Israels Sünde gegen Jehovah und Jehovahs Strafe über Israel (8) Jehovahs weiterer Auftrag an Jeremia und Seine weitere Darlegung von Judas Sünden (1)
Wenn ein Mensch für Gott spricht, prallen oft zwei Welten aufeinander: Gottes heilige Ansprüche und das harte Echo eines widerständigen Volkes. Jeremia steht genau an dieser Stelle – persönlich angefochten, von vielen missverstanden und doch von Jehovah nicht losgelassen. Gerade in der Spannung zwischen seiner inneren Erschöpfung und Gottes weitergehendem Auftrag wird sichtbar, wie ernst Gott die Sünde Seines Volkes nimmt und wie tief Er zugleich für die trägt, die in Seinem Namen reden.
Gott ist mit dem leidenden Boten eins mit Seinem Volk
Jeremia 15 öffnet einen Blick in das innere Erschüttertsein eines Gottesdieners. „Wehe mir, meine Mutter, daß du mich geboren hast, einen Mann des Streites und einen Mann des Zankes für das ganze Land! … dennoch fluchen mir alle“ (Jeremia 15:10). Hier spricht kein kalter Verkündiger, sondern ein Mensch, der sich von allen Seiten angegriffen weiß und sich fragt, warum er überhaupt in diese Lage hineingeboren wurde.

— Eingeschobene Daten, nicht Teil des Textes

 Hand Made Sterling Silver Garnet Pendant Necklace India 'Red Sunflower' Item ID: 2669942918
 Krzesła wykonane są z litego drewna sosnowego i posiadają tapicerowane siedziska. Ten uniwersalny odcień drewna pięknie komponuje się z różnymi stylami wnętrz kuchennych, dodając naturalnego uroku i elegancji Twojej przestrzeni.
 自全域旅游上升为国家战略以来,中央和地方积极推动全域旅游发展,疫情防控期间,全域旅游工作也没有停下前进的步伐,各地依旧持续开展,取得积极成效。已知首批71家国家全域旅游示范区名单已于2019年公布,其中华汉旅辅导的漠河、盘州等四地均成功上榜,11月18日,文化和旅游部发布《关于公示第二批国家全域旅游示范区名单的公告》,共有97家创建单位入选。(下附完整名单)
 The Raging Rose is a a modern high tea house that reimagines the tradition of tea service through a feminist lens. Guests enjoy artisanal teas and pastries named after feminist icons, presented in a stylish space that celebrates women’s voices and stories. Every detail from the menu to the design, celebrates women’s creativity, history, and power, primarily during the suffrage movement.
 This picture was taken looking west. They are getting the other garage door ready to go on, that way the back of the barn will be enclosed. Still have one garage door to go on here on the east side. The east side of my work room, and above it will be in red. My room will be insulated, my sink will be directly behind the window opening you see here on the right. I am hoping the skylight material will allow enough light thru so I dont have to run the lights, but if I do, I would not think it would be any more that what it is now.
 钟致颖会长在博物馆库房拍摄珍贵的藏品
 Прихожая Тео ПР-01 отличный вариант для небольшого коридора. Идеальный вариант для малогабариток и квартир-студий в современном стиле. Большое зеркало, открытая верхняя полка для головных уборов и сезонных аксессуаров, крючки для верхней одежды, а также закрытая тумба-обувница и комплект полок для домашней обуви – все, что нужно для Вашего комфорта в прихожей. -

Bemerkenswert ist, wie Jehovah in diese Klage hineintritt. Er antwortet nicht aus unnahbarer Höhe, sondern nimmt die Sprache Jeremias auf, spricht von seinen Gegnern, seiner Not, seiner Zukunft – beinahe wie ein Familienmitglied, das in das aufgewühlte Gespräch einsteigt. So heißt es dann: „Dein Vermögen und deine Schätze will ich zur Plünderung dahingeben ohne Kaufpreis, und zwar wegen all deiner Sünden, und zwar in deinem ganzen Gebiet“ (Jeremia 15:13). Das „dein“ richtet sich an den Propheten, aber gemeint ist das Volk. Gott redet Jeremia so an, als wäre er das Volk, für das er einsteht.

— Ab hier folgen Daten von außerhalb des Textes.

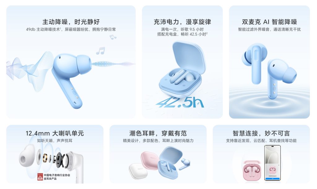 Honor Earbuds S nojaa ennen kaikkea vastameluun ja akunkestoon. Malli tarjoaa jopa 49 deslibelin aktiivisen melunvaimennuksen, jonka luvataan blokkaavan tehokkaasti ympäristön metelin niin kaupunkiliikenteessä, lentokentillä kuin toimistoarjessa. Puheluiden selkeyttä tukee kaksoismikrofonin AI-kohinanvaimennus, joka pyrkii minimoimaan taustahälyn ääniä analysoimalla.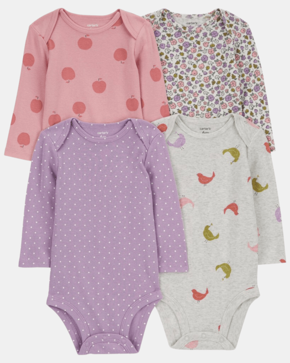 Prepare o guarda-roupa do seu bebê com este pacote de quatro bodies de manga comprida, perfeitos para mantê-lo confortável o dia todo. Projetado com ombros abaulados para facilitar ao vestir e botões de pressão resistentes nas pernas para troca rápida e fácil.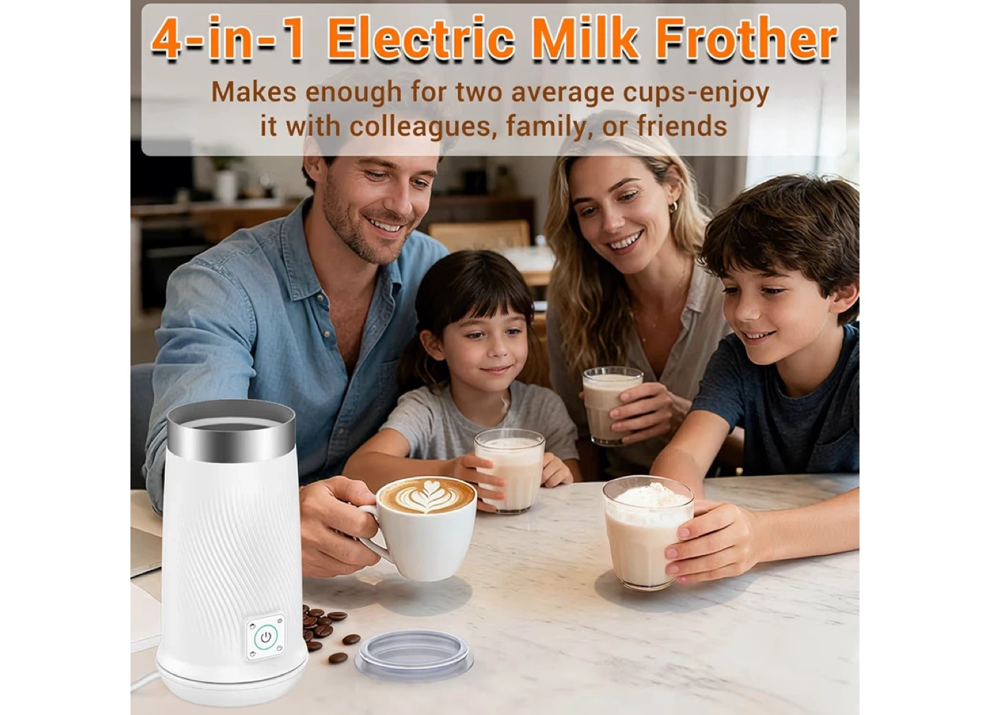This is a WOWTEAM 4-in-1 electric milk frother. It makes enough for two average cups, perfect for lattes, cappuccinos, hot milk, hot chocolate, and iced coffee. Features include one-button operation and automatic shut-off.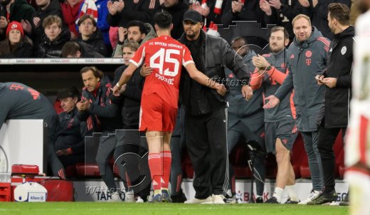 v.l. Aleksandar Pavlovic, Trainer Vincent Kompany (Bayern)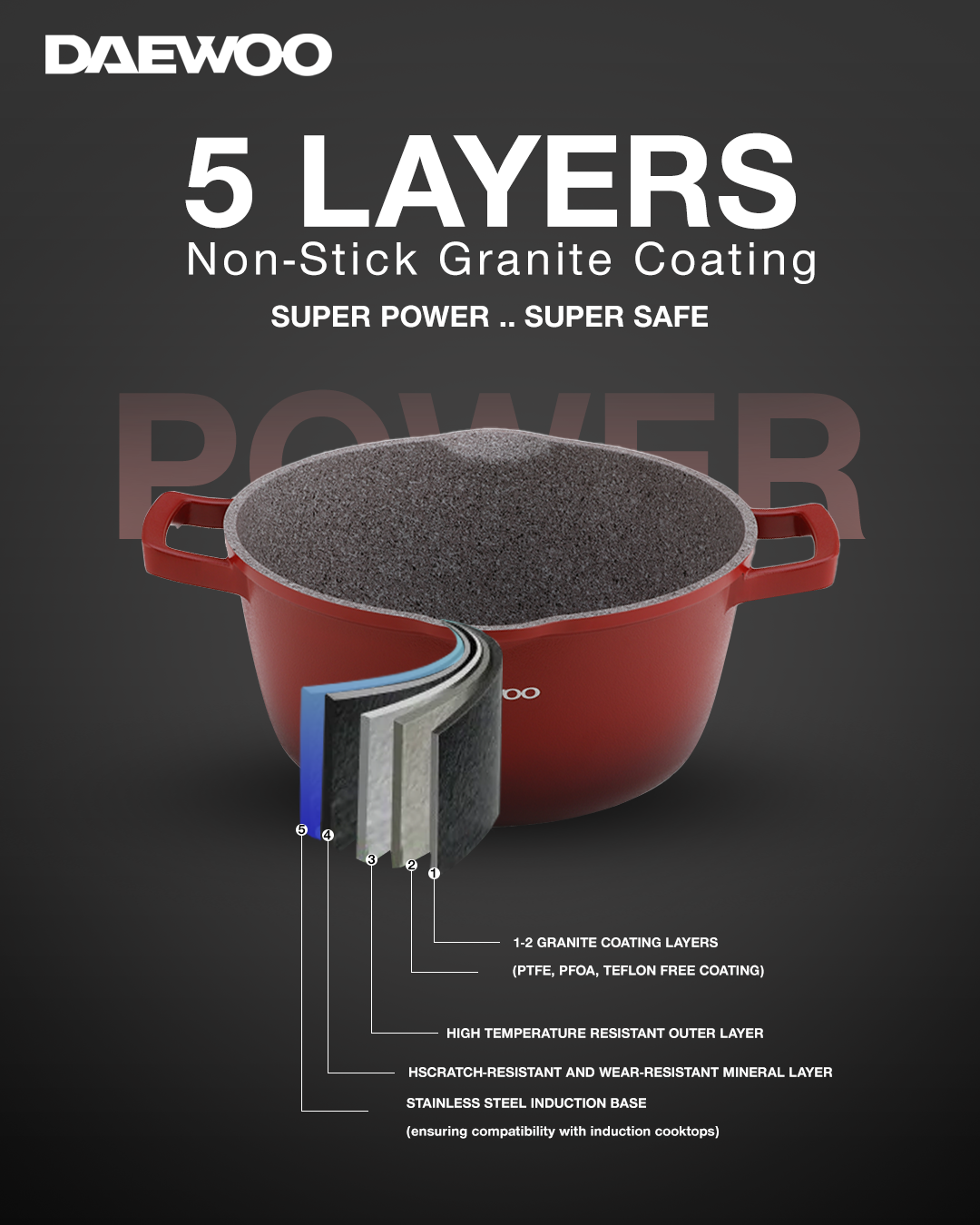 Daewoo 28cm Die-Cast Aluminum Casserole Pot with Lid, Non-Stick Granite Stone Coating, Full Induction Base, Oven-Safe, Red, Chemical-Free Main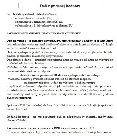 Daň na vstupe - je súčasťou ceny nákupu, resp. poskytnutej služby; je to daň, ktorú voči zdaniteľnej osobe uplatnil dodávateľ alebo je to daň, ktorú pri dovoze z 3. krajín zaplatí zdaniteľná osoba colnému úradu.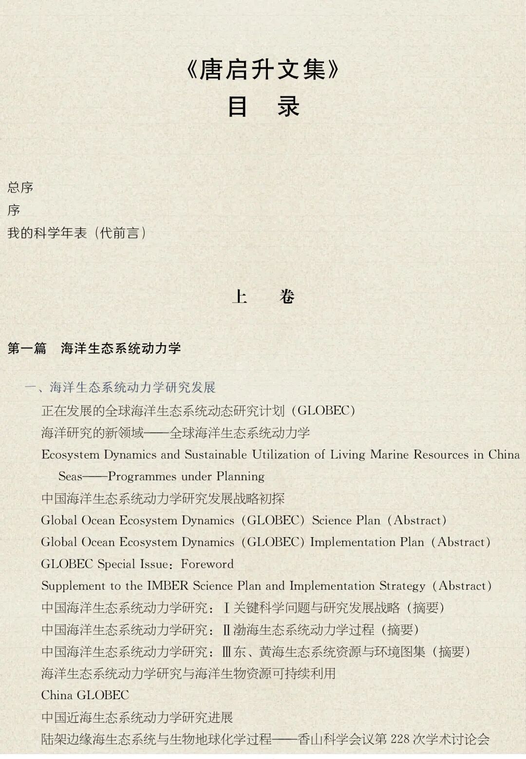 该文集分为上、下两卷。上卷为海洋生态系统研究篇,包括海洋生态系统动力学和大海洋生态系两篇,外含由唐院士亲自编著的科学年表代前言部分,这部分对唐院士科研生涯进行了年代式的实况记述和小结;下卷为渔业生物学拓展篇,包括海洋渔业生物学、碳汇渔业与养殖生态和可持续发展战略研究三篇,另外,下卷还附录了唐启升院士科研简历、论著目录、传略、访谈录以及有关照片等。这些论著及有关材料记录了近半个世纪渔业科学新的研究进展和成果。

Wenn Gott zu Jeremia redete, sprach Er nicht als das göttliche Sein, als der Mächtige, sondern fast so, als wäre Er ein Mensch, der auf sehr menschliche und persönliche Weise spricht. Dem Bericht dieses Buches zufolge redete Gott, wenn Er mit Seinem Volk umging, häufig in dieser Weise zu ihnen. (Witness Lee, Life-Study of Jeremiah, Botschaft fünfzehn, S. 102)

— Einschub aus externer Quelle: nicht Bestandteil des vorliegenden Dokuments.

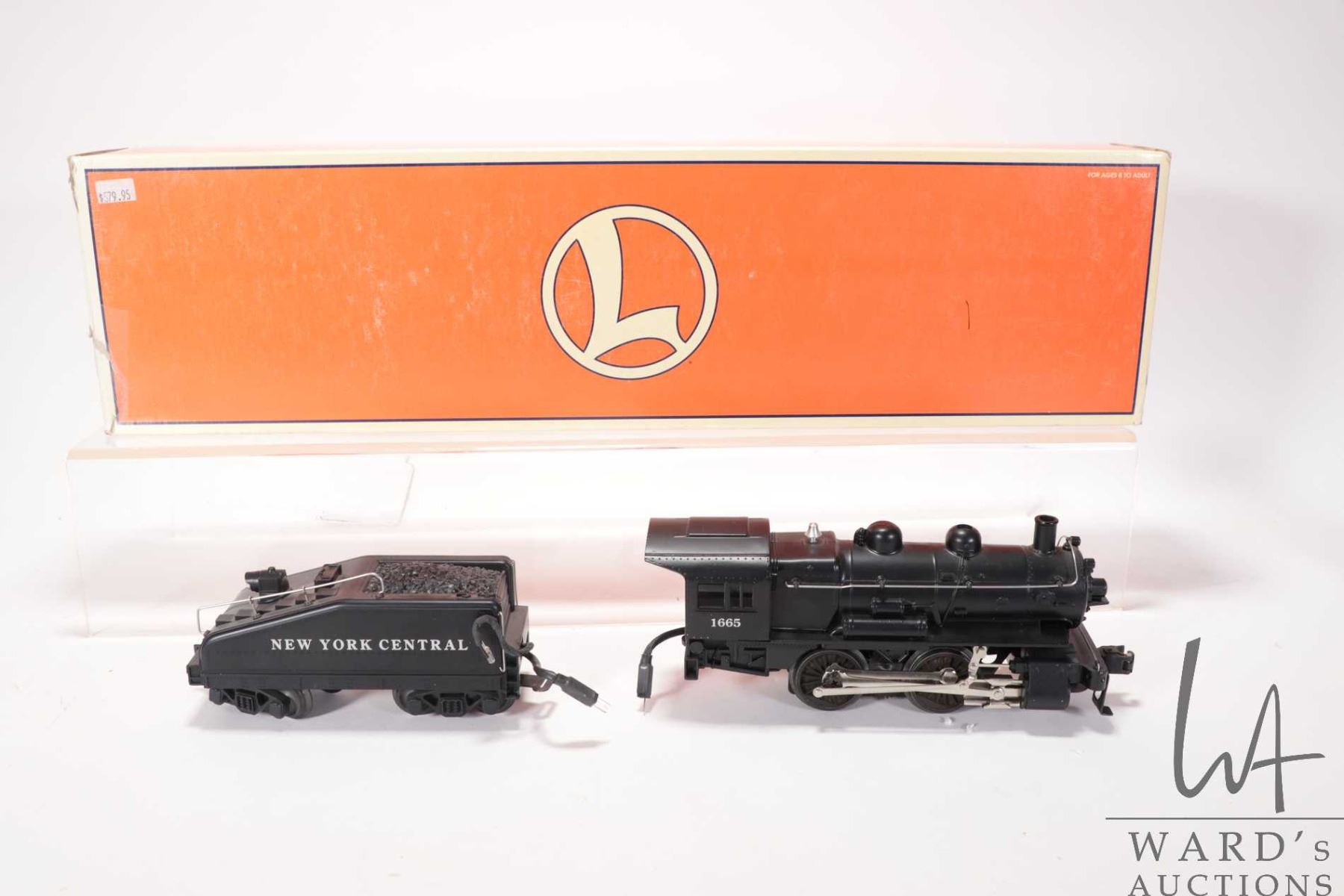 Boxed Lionel O scale 0-4-0 diesel locomotive no. 1665 and New York Central tender, in gently used condition, non-original box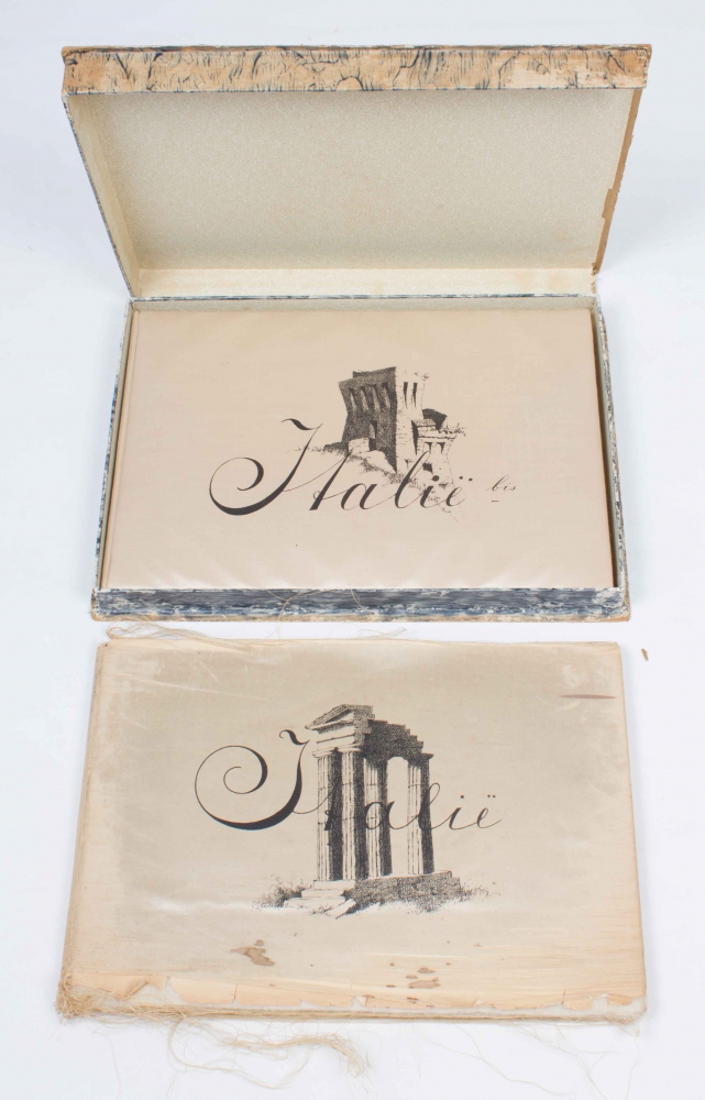 Rare travel album with sketches and drawings which Elie van Rijckevorsel had published for family and friends. The Italië album printed in name of Mevrouw de Vos van Nederveen Cappel-Keiser, the Italië bis album printed in name of W.F.H. van Rijckevorsel. Both albums signed by the artist. See: Dr. Elie van Rijckevorsel, 1845-1928, patrician and meteorologist, by mr. L.J. Pieters. In: Rotterdams jaarboekje 1984, p. 287-309.

In dieser Weise macht Gott sichtbar, wie eng Er Seinen Boten mit Seinem Volk verbindet. Jeremia steht nicht über Israel, er steht mitten in seiner Zerrissenheit und unter demselben Gerichtswetter. Was das Volk verliert, trifft ihn mit; was Gott dem Volk ankündigt, berührt seine persönliche Lebenssituation. So wird sein Dienst kein distanziertes Beobachten, sondern eine geteilte Geschichte. Mose trat einst ähnlich vor Gott hin und sagte: „Vergib ihnen ihre Sünde; wenn aber nicht, so tilge mich aus deinem Buch“ (2. Mose 32:32). Und in Christus erreicht diese Identifikation ihren Höhepunkt: „Den, der Sünde nicht kannte, hat er für uns zur Sünde gemacht, damit wir Gottes Gerechtigkeit würden in ihm“ (2. Korinther 5:21). Der Bote, der für Gott spricht, trägt die Last des Volkes, das Gott richtet und doch liebt. Gerade darin liegt eine stille Ermutigung: Gott sieht den, der für Ihn leidet, niemals isoliert. Er kennt das Herz derer, die in Seinem Auftrag durch Dunkelheit gehen, und indem Er sie mit dem Volk verbindet, lässt Er sie zugleich an Seinem eigenen Schmerz teilhaben. Wer so mit Gott in eins gestellt wird, trägt schwer, aber nicht vergeblich – er wird hineingenommen in Gottes eigene Sorge und in Seine kommenden Wege des Heils.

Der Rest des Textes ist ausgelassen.